» WHAT THE EXERCISE ASKS: All lines in the records below from the line with "Het te bouwen" through the line with "The tissue matrix" are to be given again exactly, both ends included; the pictures are to be left out.

» THE DATA:
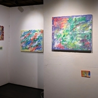 2024年6月にゴルディロックスで2人展を開いて以降、矢継ぎ早に展示をしているHIRATA さん。ペインティングナイフを駆使した油彩の抽象絵画を、高さをそろえずに展示しています。 30号以内の板やカンバスに描いた18点と、ポストカード大の紙片に描いた9点。いずれも題はついていません。「紙に描くのはダメらしいんですが、…
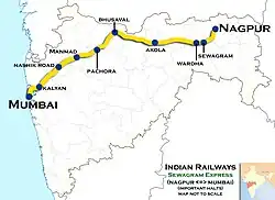 The 12139/12140 Sewagram Superfast Express runs via Kalyan Junction, Nashik Road, Bhusaval Junction, Akola Junction, Badnera Junction, Wardha Junction to Nagpur Junction.
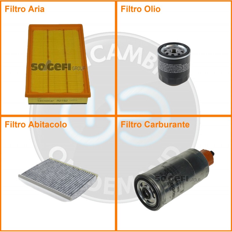 | Composizione | Filtro gasolio, Filtro olio, Filtro abitacolo ai carboni attivi, Filtro aria |
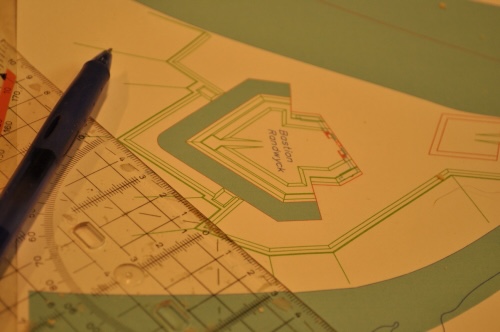 Het te bouwen object wordt eerst ingetekend in de grote plattegrond van 1867.
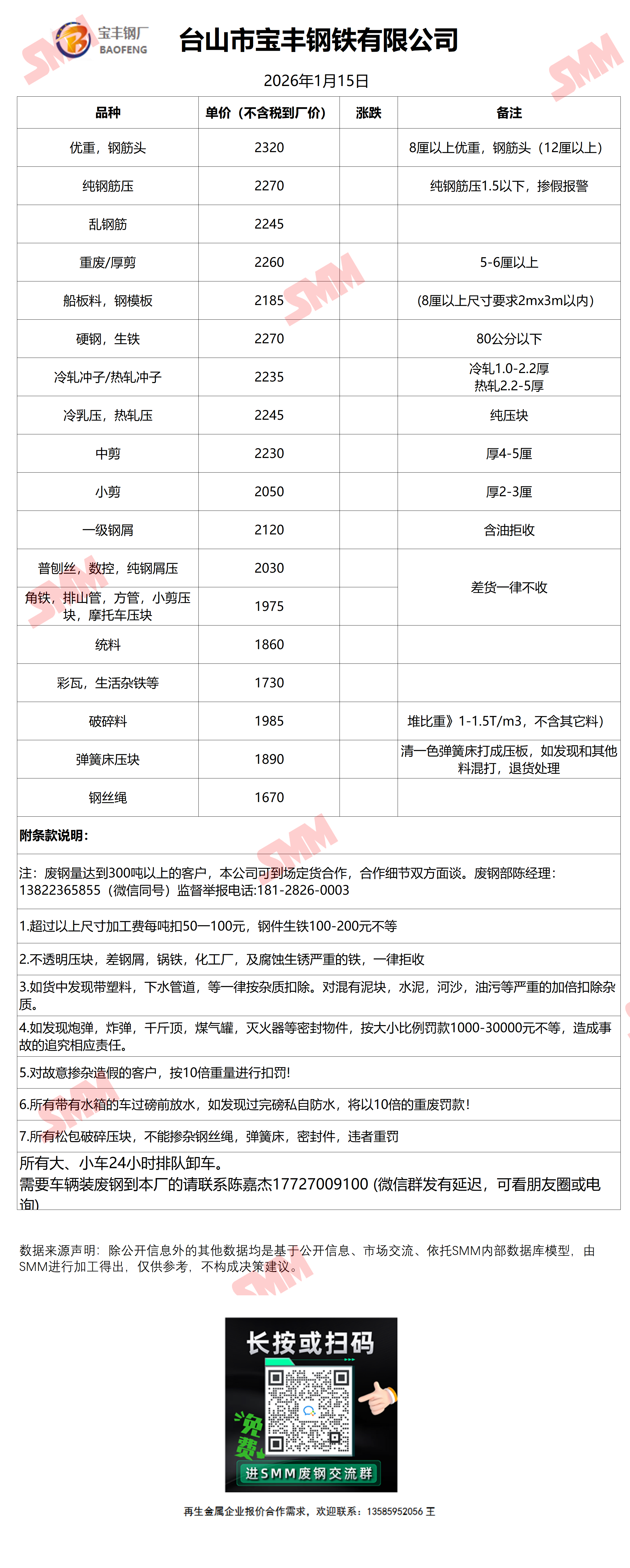 1月15日宝丰钢铁 废钢收购报价
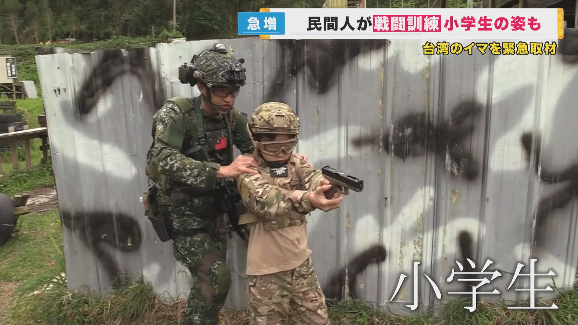 小学生を連れてきた父親は職業軍人で、「台湾を守る教育を小さいうちから始めようと思った」と話します。
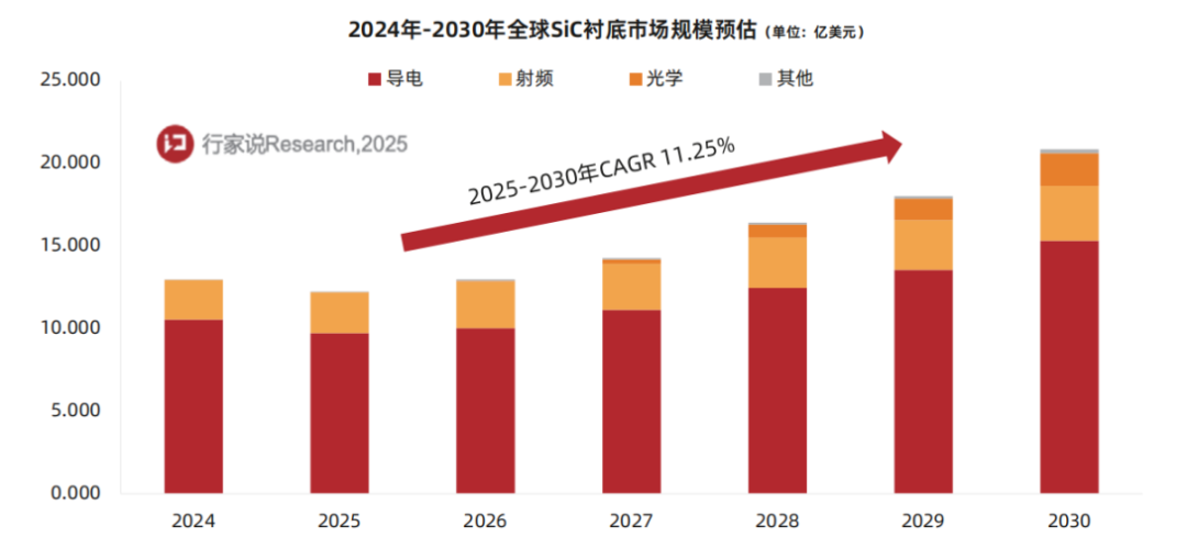 据行家说《2025碳化硅(SiC)衬底与外延产业调研白皮书》预测,到2030年,SiC 衬底产业产值将达到20.86亿美元,值得关注的是,在未来几年,光学和先进封装领域将成为SiC衬底的重要增长极,形成显著产值贡献。
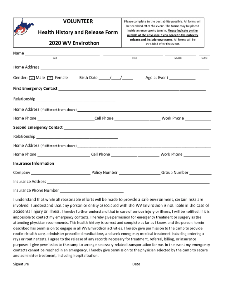 VOLUNTEER Health History and Release Form 2020 WV EnvirothonPlease complete to the best ability possible. All forms will be shredded after the event. The forms may be placed inside an envelope to
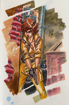 (Sold) Here's April O'Neil, the winner of February's Patreon poll! She was done with markers and some colored pencils. It took me 2 hours to do just the coloring alone, but it was worth it. I'm pretty happy with how smoothly everything blended, especially the skin. 👌
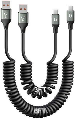 USB A to USB C Cable for Car 3FT/6FT, 2Pack Coiled USB Type C Cable Fast Charging, USB C Cable Compatible with iPhone 17/16/15 Pro Max/Samsung Galaxy S20 S10 Plus Note 10 9 8 and More USB C Devices
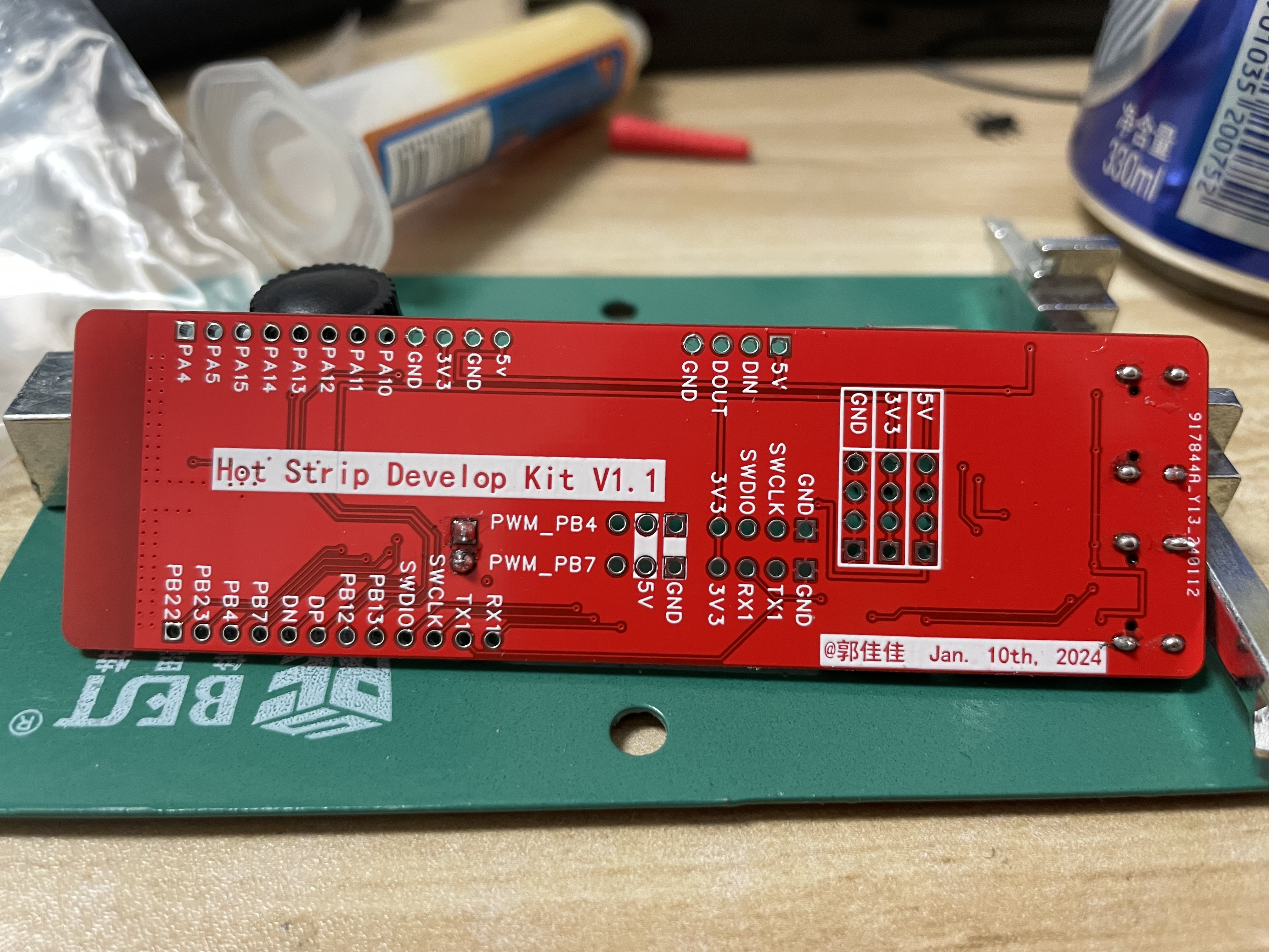 这次焊接主要用的耗材和工具有:低温锡浆、助焊油、有铅锡丝、高倍率带LED灯放大镜、数控加热台、936焊台灯,用的是小刀头烙铁,焊台温度设置320℃、数控加热台设置190℃。
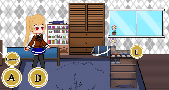 1、开始游戏后,玩家可以通过左下角的AD按键控制人物左右移动,E是互动键
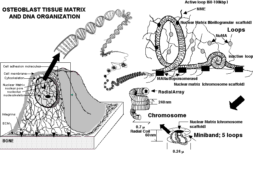 The tissue matrix is a dynamic linkage between structural proteins of the extracellular matrix, the cytoplasm and the nucleus. The nuclear matrix is a proteinaceous substructure of the nucleus that resists nuclease digestion and high salt extraction.
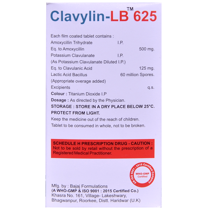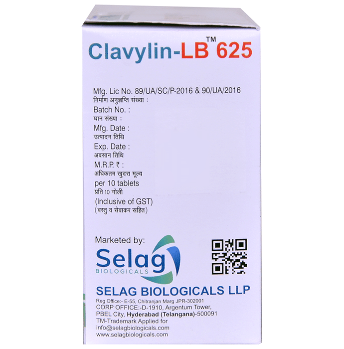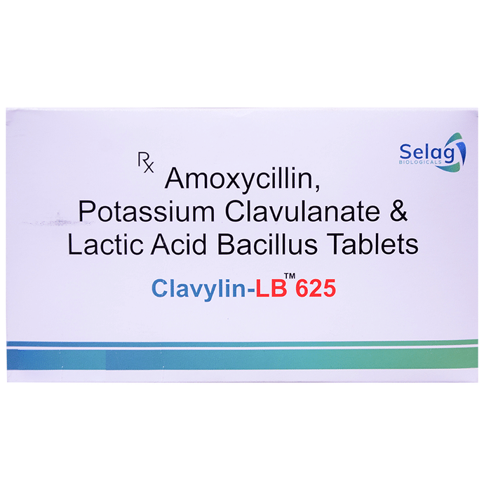 Clavylin-LB 625 Tablet is a combination medicine that is used to treat various types of bacterial infections. It fights against the microorganisms to prevent their growth and further spread of the infection. It also prevents diarrhea which may occur as side effect of this medicine. Clavylin-LB 625 Tablet is a prescription medicine. It is advised to take it as per the prescription. It can be taken with or without food, but it must be taken at a fixed time to ensure better efficacy. Do not consume more than the recommended dose, as this may have harmful effects on your body. If you miss a dose, take it as soon as you remember. The course of the treatment must be completed even if you feel better. Sudden discontinuation of the treatment may affect the potency of the medicine.Some common side effects of this medicine are nausea, vomiting, diarrhea, indigestion, etc. If any of the side effects get aggravated, you must consult your doctor immediately. If you experience any allergic reaction (rashes, itching, swelling, shortness of breath, etc.), you must seek immediate medical help.Before taking this medicine, you should tell your doctor if you are taking any medicines for any health condition. Pregnant or breastfeeding women should also consult with their doctor before taking it. Avoid drinking alcohol as it can cause excessive drowsiness with this medicine. It usually does not impair your ability to drive, but you should not drive if it makes you feel sleepy or dizzy. You must take adequate rest for a faster recovery, also take a healthy diet and drink plenty of water. Your doctor may ask for a few laboratory and diagnostic tests to know the effects of the medicine on your body.
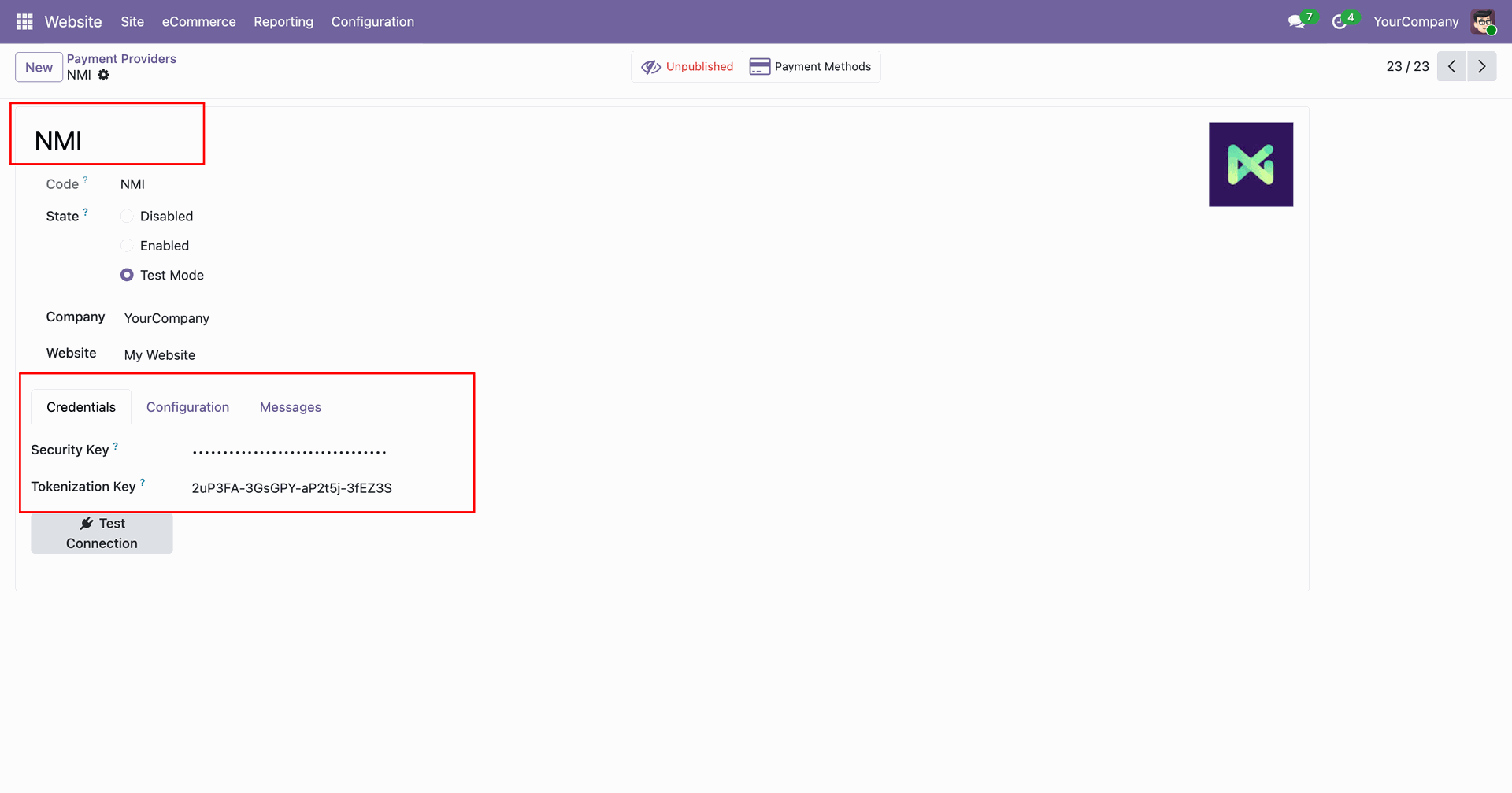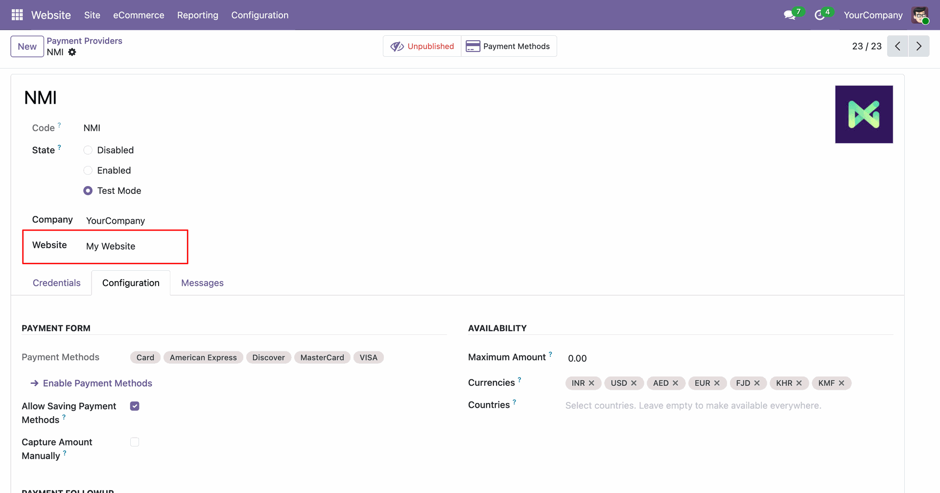 Go to Website -> Configuration -> Payment Providers to access NMI settings.

» RESULT OF THIS TASK:
 Het te bouwen object wordt eerst ingetekend in de grote plattegrond van 1867.
 1月15日宝丰钢铁 废钢收购报价
 小学生を連れてきた父親は職業軍人で、「台湾を守る教育を小さいうちから始めようと思った」と話します。
 据行家说《2025碳化硅(SiC)衬底与外延产业调研白皮书》预测,到2030年,SiC 衬底产业产值将达到20.86亿美元,值得关注的是,在未来几年,光学和先进封装领域将成为SiC衬底的重要增长极,形成显著产值贡献。
 VOLUNTEER Health History and Release Form 2020 WV EnvirothonPlease complete to the best ability possible. All forms will be shredded after the event. The forms may be placed inside an envelope to
 (Sold) Here's April O'Neil, the winner of February's Patreon poll! She was done with markers and some colored pencils. It took me 2 hours to do just the coloring alone, but it was worth it. I'm pretty happy with how smoothly everything blended, especially the skin. 👌
 USB A to USB C Cable for Car 3FT/6FT, 2Pack Coiled USB Type C Cable Fast Charging, USB C Cable Compatible with iPhone 17/16/15 Pro Max/Samsung Galaxy S20 S10 Plus Note 10 9 8 and More USB C Devices
 这次焊接主要用的耗材和工具有:低温锡浆、助焊油、有铅锡丝、高倍率带LED灯放大镜、数控加热台、936焊台灯,用的是小刀头烙铁,焊台温度设置320℃、数控加热台设置190℃。
 1、开始游戏后,玩家可以通过左下角的AD按键控制人物左右移动,E是互动键
 The tissue matrix is a dynamic linkage between structural proteins of the extracellular matrix, the cytoplasm and the nucleus. The nuclear matrix is a proteinaceous substructure of the nucleus that resists nuclease digestion and high salt extraction.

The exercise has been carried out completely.